Noel Magee (born 16 December 1965) is an Irish former professional boxer who competed from 1985 to 1997. He held the Commonwealth light heavyweight title in 1995.

==Background==
Magee grew up in the strongly nationalist Ardoyne area of Belfast and came from a boxing obsessed family. Magee's younger brother Eamonn stated that for his mother "boxing was as important as school". Magee's three brothers were also boxers with two of them, Eamonn and Terry, having careers as professional boxers. His brother, Eamonn, was also a Commonwealth champion.

==Amateur career==
Magee, like his younger brother Eamonn, boxed to national level for Ireland. The highlight of his short amateur career was in 1985 when, at the age of eighteen, he won the Irish Light Heavyweight Title, defeating a young Steve Collins in the final. Magee again beat Collins later that year in a trial for the international team.

==Professional career==
Still only 19 years of age, Magee on 22 May 1985, turned professional under the mentorship of Pat Brogan, winning his first fight at the European Sporting Club, Stoke, England, in which Magee knocked out Nigel Prickett.

===Title fight defeats===
It was four years before he fought for his title fight when he took on fellow Belfastman Sam Storey in November 1989 for the British Super Middleweight Title, however he lost this fight when the referee stopped the fight in the 9th round. After this loss Noel changed managers and joined the Eastwood stable. Magee went on a winning streak beating his next seven opponents, before he again fought for another this time the British Light Heavyweight Title against Maurice Core in August 1992 but the result was the same, Magee, was stopped in the ninth despite having Core down twice in 3 rounds up going into the 9th. Magee's following fight was also a defeat, this time at the hands of Dariusz Michalczewski for the Vacant IBF Inter-Continental Light Heavyweight Title. Magee also lost his challenge for the European (EBU) Light Heavyweight Title against Fabrice Tiozzo.
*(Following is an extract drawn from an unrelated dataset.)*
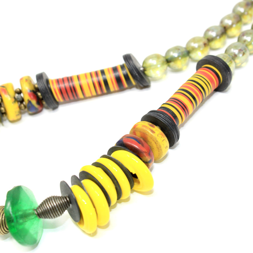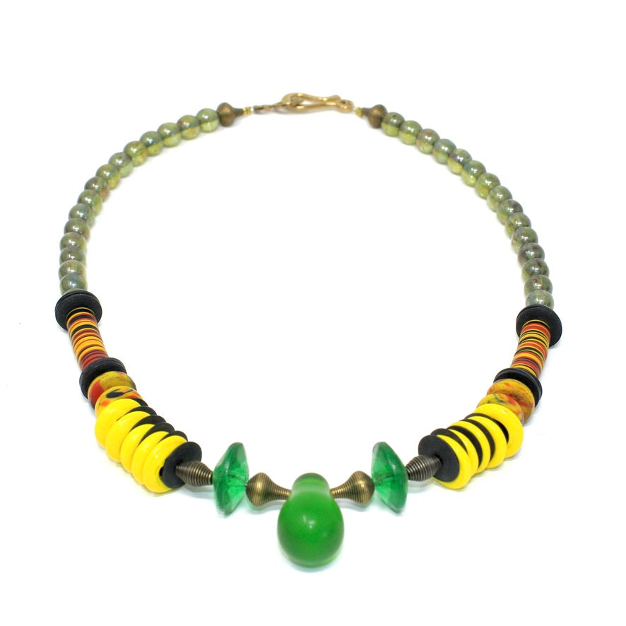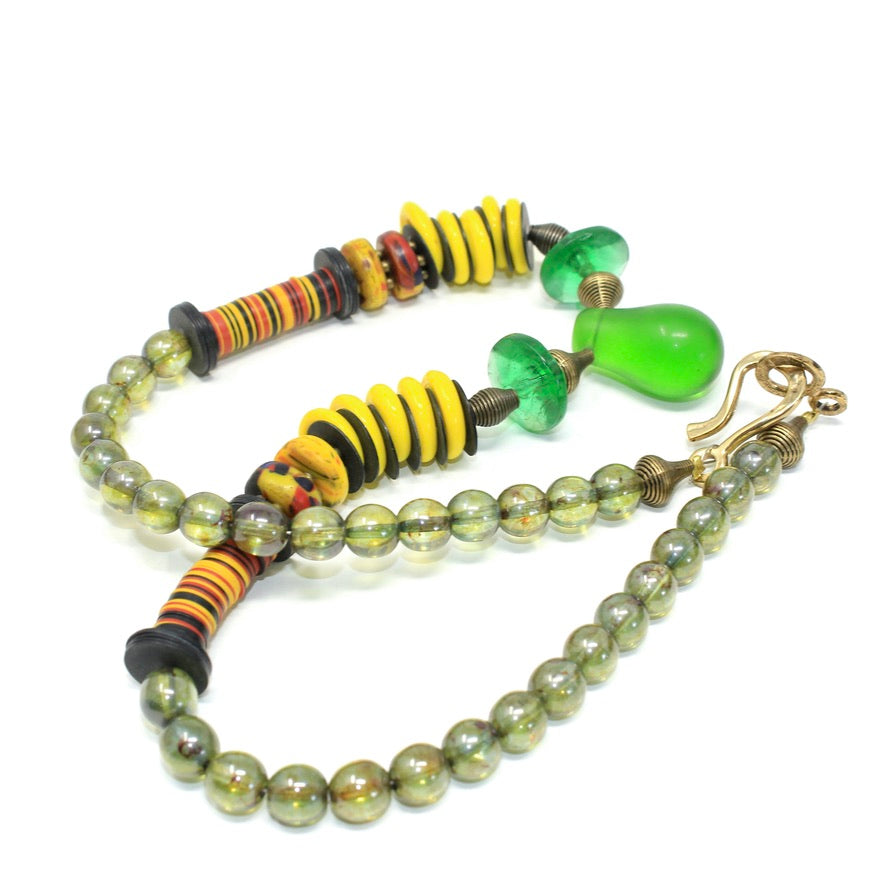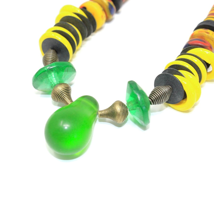 Perles en verre d'Afrique de forme goutte verte et disque en verre

===Commonwealth title victory===
After this series of title fight defeats, Magee was becoming disillusioned with boxing and had informed his promoter Barney Eastwood that he was considering changing promoters.

The following week Eastwood lined up a fight with the then unbeaten Commonwealth Light Heavyweight Title holder Garry Delaney. The fight took place in May 1995 at the Festival Hall, Basildon, Essex, England. Magee was a huge underdog with the bookies offering odds of 10/1 for a Magee win. Magee made his superior hand and foot speed tell by winning the fight with a stoppage in the seventh to take the only major title belt in his professional career.

Magee lost the first defence of his title to Nicky Piper, and after this Magee lost his will to continue boxing and two years later, after a brief two fight comeback including a loss to Darren Corbett for the Irish Cruiserweight Title, Magee retired from boxing.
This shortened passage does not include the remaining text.